The trimeric membrane-anchored ebolavirus envelope glycoprotein (GP) is responsible for viral attachment, fusion and entry. Knowledge of its structure is important both for understanding ebolavirus entry and for the development of medical interventions. Crystal structures of viral glycoproteins, especially those in their metastable prefusion oligomeric states, can be difficult to achieve given the challenges in production, purification, crystallization and diffraction that are inherent in the heavily glycosylated flexible nature of these types of proteins. The crystal structure of ebolavirus GP in its trimeric prefusion conformation in complex with a human antibody derived from a survivor of the 1995 Kikwit outbreak has now been determined [Lee et al. (2008), Nature (London), 454, 177-182]. Here, the techniques, tactics and strategies used to overcome a series of technical roadblocks in crystallization and phasing are described. Glycoproteins were produced in human embryonic kidney 293T cells, which allowed rapid screening of constructs and expression of protein in milligram quantities. Complexes of GP with an antibody fragment (Fab) promoted crystallization and a series of deglycosylation strategies, including sugar mutants, enzymatic deglycosylation, insect-cell expression and glycan anabolic pathway inhibitors, were attempted to improve the weakly diffracting glycoprotein crystals. The signal-to-noise ratio of the search model for molecular replacement was improved by determining the structure of the uncomplexed Fab. Phase combination with Fab model phases and a selenium anomalous signal, followed by NCS-averaged density modification, resulted in a clear interpretable electron-density map.
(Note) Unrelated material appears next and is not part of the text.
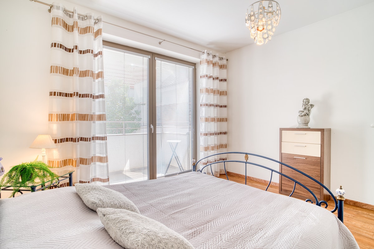 舒适公寓,带空调、花园和停车位

Model building was assisted by the use of B-value-sharpened electron-density maps and the proper sequence register was confirmed by building alternate sequences using N-linked glycan sites as anchors and secondary-structural predictions.

Figure 1

ZEBOV GP construct design. (a) ClustalW alignment of the glycoprotein primary sequence from the Zaire, Sudan, Ivory Coast and Reston ebolavirus species. Consensus secondary-structural prediction, using the Network Protein Sequence Analysis server (Combet et al., 2000 ▶), is shown for Zaire ebolavirus. Helices and β-strands are shown as coils and arrows, respectively. N- and O-linked glycans predicted by the NetNGlyc (Gupta et al., 2004 ▶) and NetOGlyc servers (Julenius et al., 2005 ▶) are shown by Y and lollipop symbols, respectively. (b) Disordered domain prediction for ZEBOV GP using the DISOPRED2 server (Ward et al., 2004 ▶). (c) Schematic representation of the ZEBOV GP and GP variants generated for expression screening. For clarity, we show only selected examples of mucin-like domain deletions. Disulfide bridges (-S-S-), signal peptide (SP), internal fusion loop (IFL), heptad-repeat region 1 (HR1), heptad-repeat region 2 (HR2), membrane-proximal external region (MPER), transmembrane anchor (TM) and cytoplasmic tail are labeled accordingly. N- and O-linked glycans are shown as red-colored Ys and lollipops, respectively.

Figure 2

Expression, purification and crystallization of ZEBOV GPΔmuc_312–463Δtm. (a) Small-scale expression screening of selected GP truncation variants using a transient transfection HEK293T system. Conditioned media containing ZEBOV GP variants were harvested 4 d post-transfection and 10 µl supernatant was separated by nonreducing SDS–PAGE and probed with anti-HA (linear) or KZ52 (conformational) primary monoclonal antibodies. (b) ZEBOV GPΔmuc_312–463Δtm–KZ52 Superdex 200 10/300 GL chromatogram. (c) The top two selected free-interface diffusion crystallization hits. Crystal form A [OptiMix1 No. 6; 10% ethylene glycol, 10%(w/v) PEG 10 000 and 0.6 M sodium acetate] and crystal form B [OptiMix2 No. 74; 10%(w/v) PEG 6000, 0.1 M PIPES pH 6.5 and 0.6 M NaI] are shown. (d) Various crystal morphologies of ZEBOV GPΔmuc_312–463Δtm–KZ52 were obtained by hanging-drop vapour diffusion in various precipitants and additives and at various pH values: (i) rod crystals, pH 4.2, (ii) pyramidal crystals, pH 4.8, (iii) rhomboid crystals, pH 6.5, (vi) rod crystals, pH 5.0, with cetyl-trimethylammonium bromide (CTAB) additive, (v) rod crystals with cesium chloride and (vi) trapezoidal crystals with ethylene glycol. (e) A single crystal (∼0.2 × 0.2 × 0.2 mm) grown in 8.5%(w/v) PEG 10 000, 0.4 M sodium acetate, 0.1 M Tris–HCl pH 8.5 and 10%(v/v) PEG 200 was washed three times in mother liquor and then dissolved in nonreducing SDS–PAGE sample buffer. The washes (lanes 1–3), dissolved crystal (lane 4), Fab KZ52 (lane 5), PNGaseF-treated GPΔmuc_312–463Δtm (lane 6) and PNGaseF-treated GPΔmuc_312–463Δtm–KZ52 (lane 7) were analyzed by silver-stained SDS–PAGE. Note that Fab KZ52 migrates at a lower molecular weight (∼40 kDa) than the expected 50 kDa for typical antibody fragments and also exists as two isoforms (doublet bands) prior to MonoS ion-exchange purification.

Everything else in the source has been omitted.